Quando Paulo foi preso e envolvido numa conspiração política, teve a oportunidade de falar para as maiores autoridades da Palestina de então. Certa vez, o governador Felix e sua esposa o chamaram para que ele explanasse sua curiosa teologia. Extremamente curioso é o resumo que Lucas, o autor do livro de Atos, fez da pregação que Paulo lhes fez: “E, discorrendo ele sobre a justiça, o domínio próprio e o juízo vindouro…” (Atos 24:25). Justiça e juízo vindouro são elementos fáceis de se encontrar em uma pregação cristão, mas domínio próprio?
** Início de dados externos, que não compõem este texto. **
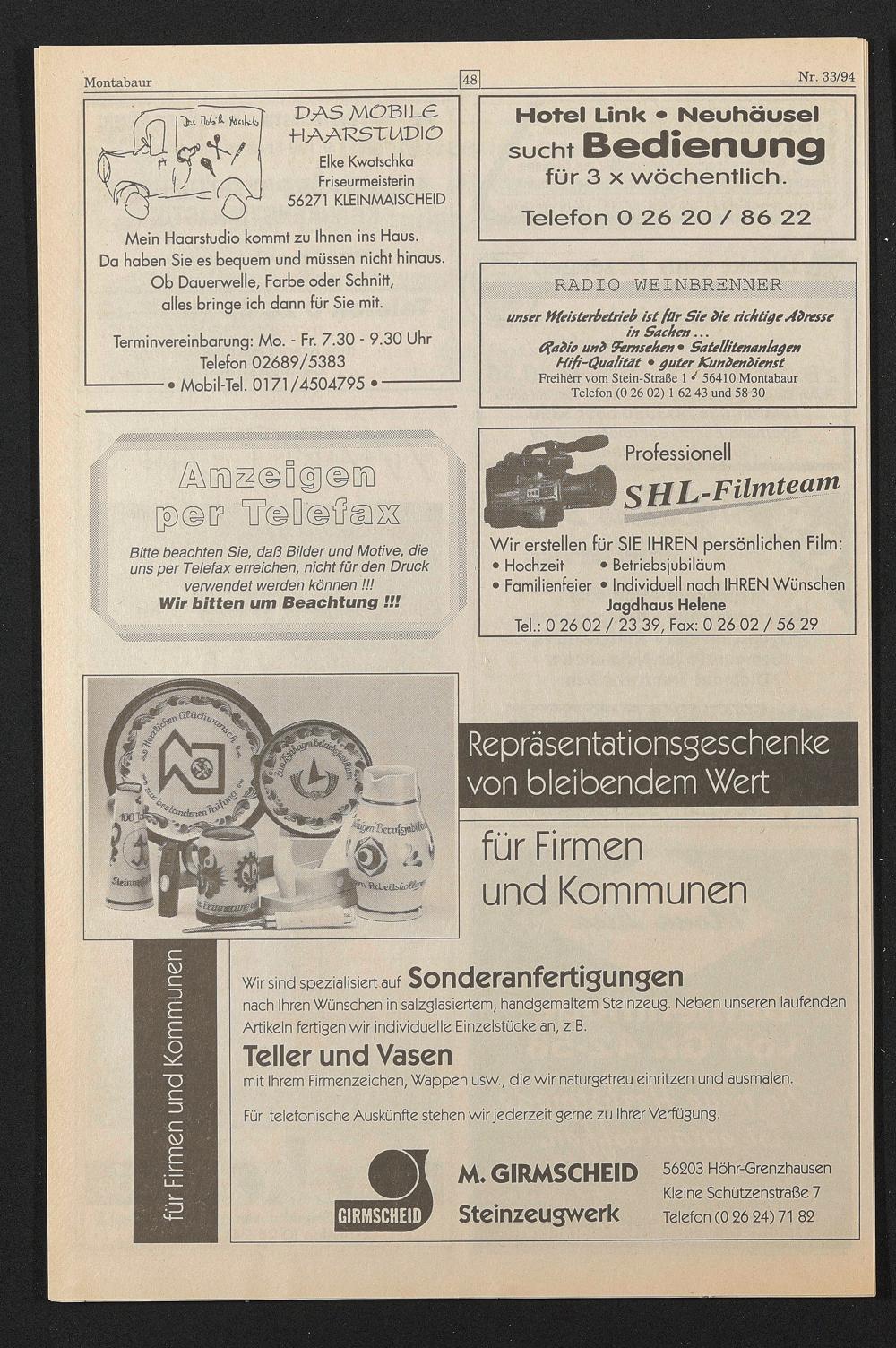 Freiherr vom Stein-Straße 1 ( 56410 Montabaur Telefon (0 26 02) 1 62 43 und 58 30

Nossa geração tem um problema sério com domínio próprio e a epidemia de obesidade está aí para não me deixar mentir. Não só ela, mas os números de mortos nas estradas a cada feriado, a questão da gravidez adolescente, a falência da instituição familiar e outros tantos distúrbios. Até mesmo a redução de acidentes pela aplicação de uma lei mais severa com o consumo de álcool e a direção o comprovam.
fat boy
Corolário da ética evolucionista, não faz muito sentido privar-se de um prazer por um imperativo moral qualquer, já que moral é algo artificial, inventado. Essa ética é mais palpável na questão do sexo. Já que somos animais e que o instinto sexual está associado exclusivamente a um impulso procriador, já que o macho, para procriar melhor, deve espalhar seu sêmen o mais que puder, já que a monogamia é uma criação artificial, cultural, não faz sentido não ceder aos impulsos e privar-se de sexo.

O triste para quem não partilha desse ética por não se sentir tão animal assim, mas criado à imagem e semelhança de Deus, é que não partilhar dessa escala de valores é visto como sendo inapetência ao próprio sexo. Em outras palavras: não querer ter relações com o maior número possível de parceiros ou pelo menos com alguns parceiros variados parece, aos olhos de quem assim o faz, como aversão ao sexo ou automutilação. Quando a verdade é o oposto. Advogar que se tem o direito de fazer sexo com várias pessoas é desprezar, é diminuir o valor dessa dádiva divina. O sexo é algo tão bom que nós, criaturas que o temos, deveríamos pasmar pelo simples fato de o ter.

Chesterton o disse assim: “Eu nunca consegui envolver-me no burburinho geral daquela nova geração contra a monogamia, porque nenhuma restrição ao sexo parecia-me tão estranha e inesperada quanto o sexo em si…. Queixar-me de que eu só poderia casar-me uma vez era como queixar-me de ter nascido uma só vez. Era algo desproporcionado em relação à terrível emoção de que se estava falando. Aquilo mostrava não uma sensibilidade exagerada, mas sim uma curiosa insensibilidade ao sexo. Louco é quem se queixa de não poder entrar no Éden por cinco portas ao mesmo tempo. A poligamia é a falta de realização do sexo; é como quem apanha cinco peras de uma só vez num mero gesto de insanidade”.

Quem é grato pelo milagre da existência não abusa dela. Ela é brilhante, cheia de encantos e prazeres, mas é frágil. E nosso Criador nos deu a liberdade de tratá-la como quisermos. Se não a
destruirmos, Ele garante que a teremos pela eternidade afora.